When schools and universities were destroyed or repurposed as shelters, Gazans refused to let education go. In the Al Mawasi area of southern Gaza, the makeshift “Mazoon Knowledge” school opened its doors in November 2024 to serve nearly 1,500 displaced students from first to fourth grade who had been deprived of schooling for two years. It is just one of many local initiatives that emerged to keep learning alive despite war, displacement, and hunger. In the Deir El Balah governorate, the Education Cluster mapped 84 Temporary Learning Spaces (TLSs). Classes were held in tents, damaged school buildings, and shelters that housed displaced families at night.
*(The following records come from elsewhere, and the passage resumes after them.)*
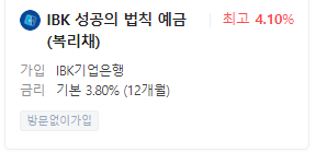 5대 은행에 대해서는 소개해드렸고, IBK의 경우 최고금리 4.10%의 예금도 있습니다. 게다가 복리채입니다. 이러한 상품들도 관심을 두시면 좋을 것 같습니다.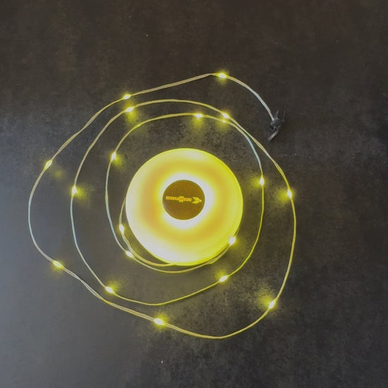 O grande destaque está na sua tira de LEDs de 8 metros, que está enrolada no interior da estrutura e pode ser facilmente estendida ou recolhida graças ao gancho integrado, garantindo máxima organização e flexibilidade de uso. Esse gancho é prático para pendurar, ideal para usar em tendas, árvores, varões ou qualquer superfície elevada.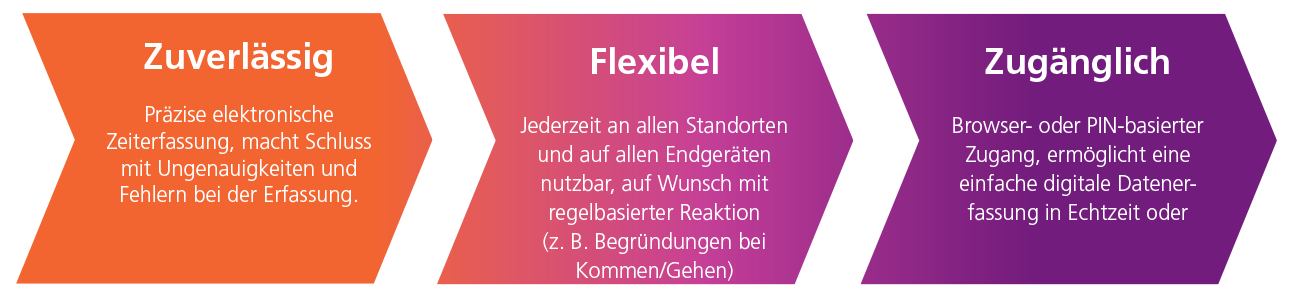 Folgende Module decken dabei alle Anforderungen der Arbeitszeiterfassung ab: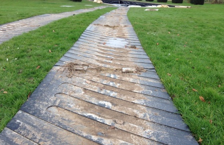 Ne détériorez plus les pelouses, les terrains aménagés, les sols carrelés, le bitume… Constituez-vous une route provisoire, efficace et protectrice, grâce aux plaques de roulage PROTEX !
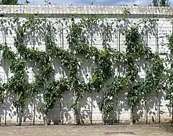Espalier as a technique seems to have started with the ancient Romans.[3] In the Middle Ages the Europeans refined it into an art.[2] The practice was popularly used in Europe to produce fruit inside the walls of a typical castle courtyard without interfering with the open space and to decorate solid walls by planting flattened trees near them. Vineyards have used the technique in the training of grapes for hundreds or perhaps even thousands of years.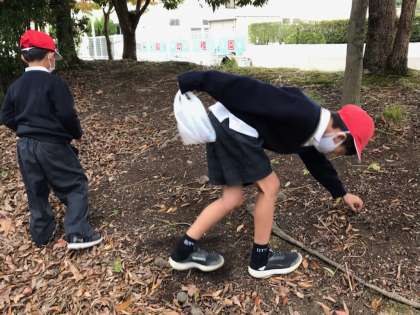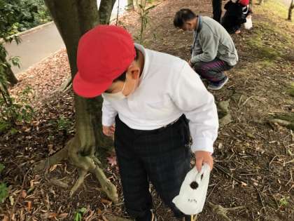 辺りにはどんぐりや落ち葉がいっぱい。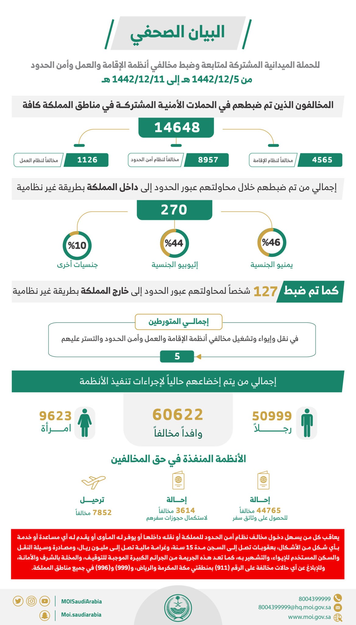 أسفرت الحملات الميدانية المشتركة لمتابعة وضبط مخالفي أنظمة الإقامة والعمل وأمن الحدود، التي تمت في مناطق المملكة كافة، وذلك للفترة من 5 / 12 / 1442 هـ الموافق 15 / 7 / 2021 م حتى 11 / 12 / 1442هـ الموافق 21 / 7 / 2021م، عن النتائج التالية : –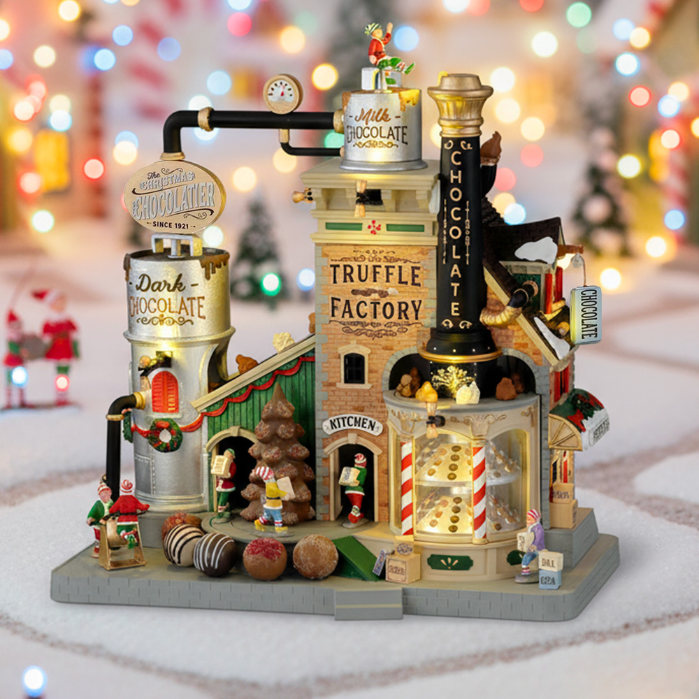 La Christmas Chocolatier Truffle Factory Lemax (codice 15805) è il luogo dei sogni per tutti i golosi: una fabbrica natalizia dove gli elfi lavorano instancabilmente per produrre deliziosi tartufi al cioccolato che profumano l’aria di dolcezza.

For university students, remote learning became an emergency lifeline. Several institutions, including Al-Azhar University and Al-Aqsa University, adopted distance education soon after the war began. UNESCO launched a “Virtual Campus” project to support up to 20,000 higher-education students from Gaza and to provide digital access points in temporary learning spaces. These initiatives relied on hybrid models, but online learning depended on conditions that barely existed. Internet and electricity repeatedly collapsed as fibre-optic lines were destroyed and power supplies failed. Students relied on weak 2G and 3G signals from temporary towers, often walking long distances—sometimes to coastal areas or near UN compounds—just to download lecture files or submit short assignments. That thousands still attempted to follow university courses under such circumstances speaks more to Gaza’s determination to preserve education than any institutional plan could.
The preservation of cultural life followed a similar pattern. The Edward Said National Conservatory of Music (ESNCM) was heavily damaged, yet teachers salvaged instruments from the rubble and created improvised studios in displacement camps. Music classes continued through WhatsApp, with oud and violin students sending practice recordings from tents. ESNCM teachers said music became “a structure of the day” for children who had lost any sense of routine.
The Qattan Foundation—long a pillar of Gaza’s cultural life, running libraries, children’s literature workshops, heritage programs, and artist residencies—also saw its offices destroyed. But former trainees and partner artists revived parts of its mission informally: children’s storytelling circles led by graduates of the “Reading for Pleasure” program; makeshift creative workshops using salvaged materials like charcoal, cement dust, and scraps of wood; and archival rescue efforts where volunteers retrieved burned or damaged manuscripts from the Cultural Centre library and digitized surviving fragments with mobile phones. Many individual artists continued working despite losing their studios.
For Palestinians, education and culture are not tied to buildings or institutions—they continue through people. Even under displacement, starvation, and bombardment, Gazans ensure their children learn, that music continues, that heritage is carried forward, and that creativity endures.
This drive to learn and to create is not new. In the wake of the 1948 Nakba, when hundreds of thousands of Palestinians were expelled and forced into refugee camps, Palestinians themselves organized tent schools and continued teaching even without books or formal infrastructure. Today, they are doing much the same—confronted with similar conditions, and responding with the same determination.
The improvised classrooms and studios cannot restore universities or libraries overnight, nor can they shield students from the long-term impacts of war and years of studying lost. But they prevent the total erasure of a generation. They preserve the chain of knowledge and identity that has endured decades of hardship. And perhaps most importantly, they demonstrate that creativity and the drive to learn persist, even in the ruins of war.